** Opening Input data block **

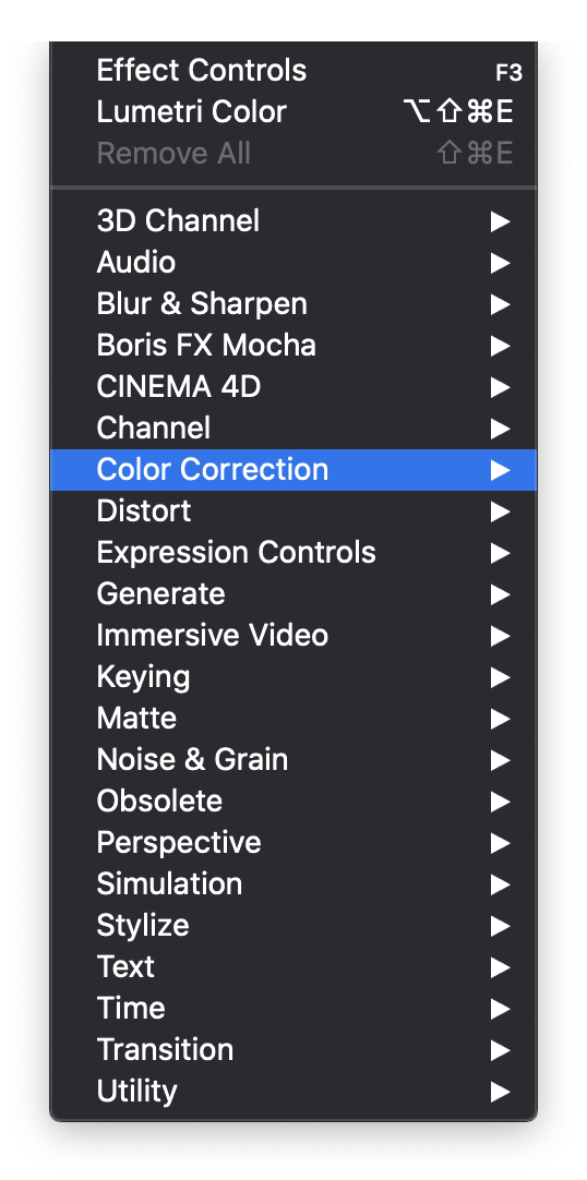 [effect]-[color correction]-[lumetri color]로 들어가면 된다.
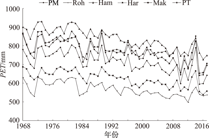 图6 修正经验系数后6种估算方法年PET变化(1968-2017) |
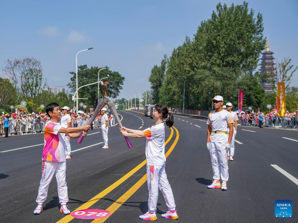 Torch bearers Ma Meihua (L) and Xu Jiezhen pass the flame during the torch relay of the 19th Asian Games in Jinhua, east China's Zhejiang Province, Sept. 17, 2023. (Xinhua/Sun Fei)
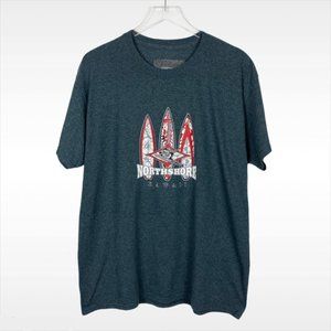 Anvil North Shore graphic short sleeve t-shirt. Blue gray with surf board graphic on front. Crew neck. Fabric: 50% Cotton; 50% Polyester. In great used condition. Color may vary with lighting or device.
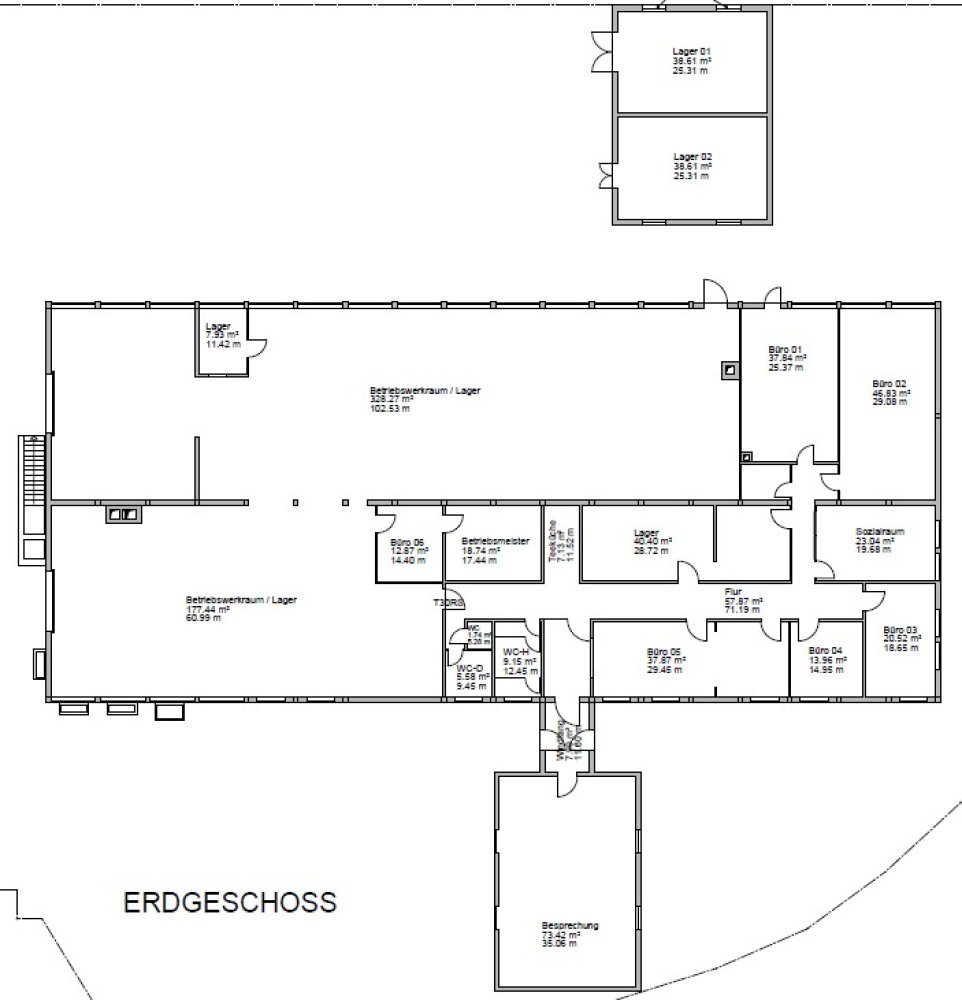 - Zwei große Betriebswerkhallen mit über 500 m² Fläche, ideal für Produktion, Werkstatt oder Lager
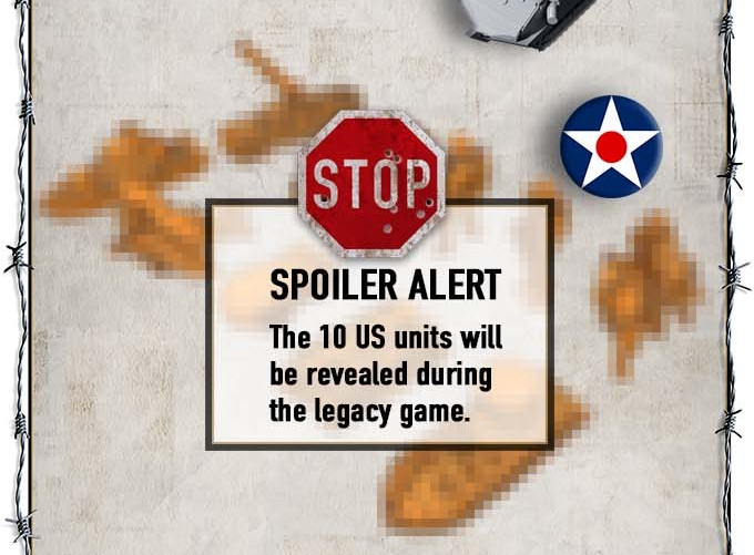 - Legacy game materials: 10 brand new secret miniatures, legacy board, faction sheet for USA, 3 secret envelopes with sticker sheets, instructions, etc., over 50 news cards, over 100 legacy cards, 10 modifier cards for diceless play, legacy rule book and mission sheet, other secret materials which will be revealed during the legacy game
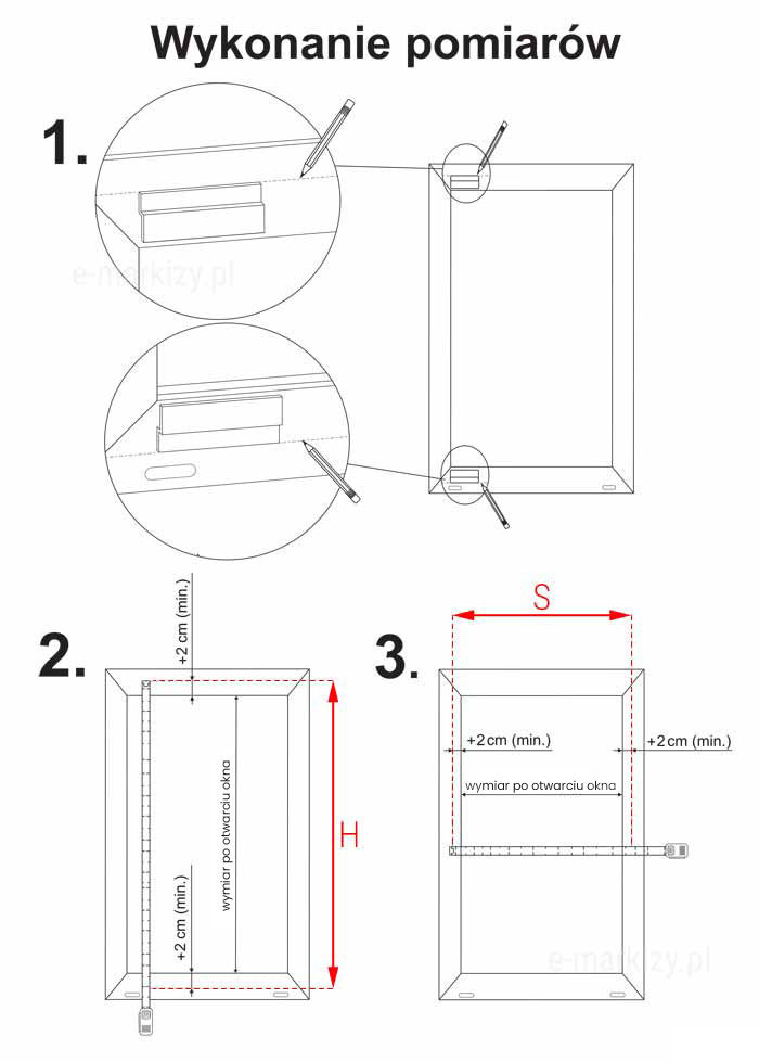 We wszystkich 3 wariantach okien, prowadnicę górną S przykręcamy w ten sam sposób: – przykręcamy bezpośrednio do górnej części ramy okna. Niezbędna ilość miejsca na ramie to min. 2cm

** Closing Input data block **
** Opening Input data block **

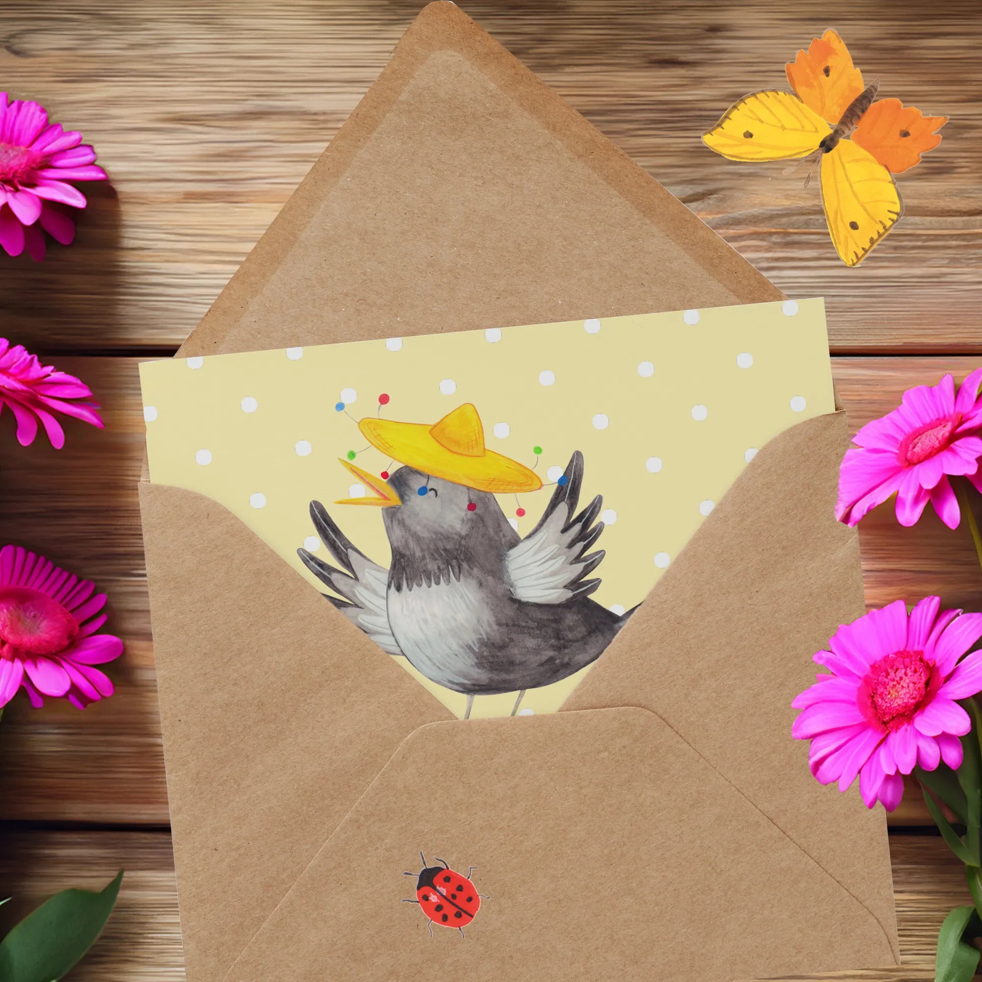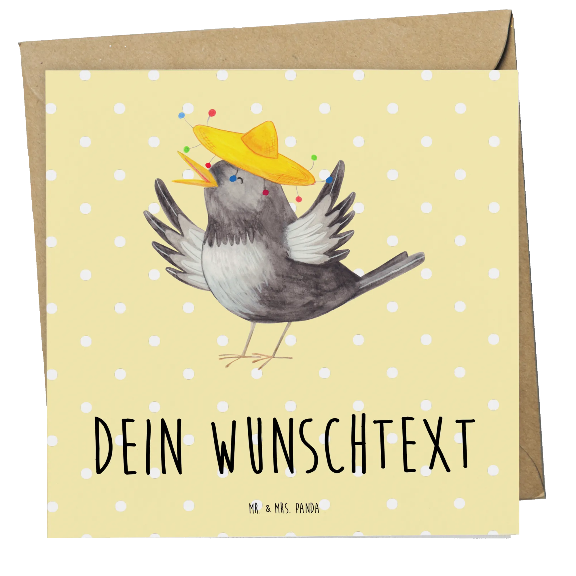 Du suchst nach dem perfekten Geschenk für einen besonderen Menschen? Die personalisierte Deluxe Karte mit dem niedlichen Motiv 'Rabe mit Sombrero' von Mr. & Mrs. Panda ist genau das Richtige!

** Closing Input data block **

In the listing above, find the line containing "- Zwei große" and the line containing "We wszystkich 3", then output those two lines and everything between them exactly as written, without the images.

Your solution
 - Zwei große Betriebswerkhallen mit über 500 m² Fläche, ideal für Produktion, Werkstatt oder Lager
 - Legacy game materials: 10 brand new secret miniatures, legacy board, faction sheet for USA, 3 secret envelopes with sticker sheets, instructions, etc., over 50 news cards, over 100 legacy cards, 10 modifier cards for diceless play, legacy rule book and mission sheet, other secret materials which will be revealed during the legacy game
 We wszystkich 3 wariantach okien, prowadnicę górną S przykręcamy w ten sam sposób: – przykręcamy bezpośrednio do górnej części ramy okna. Niezbędna ilość miejsca na ramie to min. 2cm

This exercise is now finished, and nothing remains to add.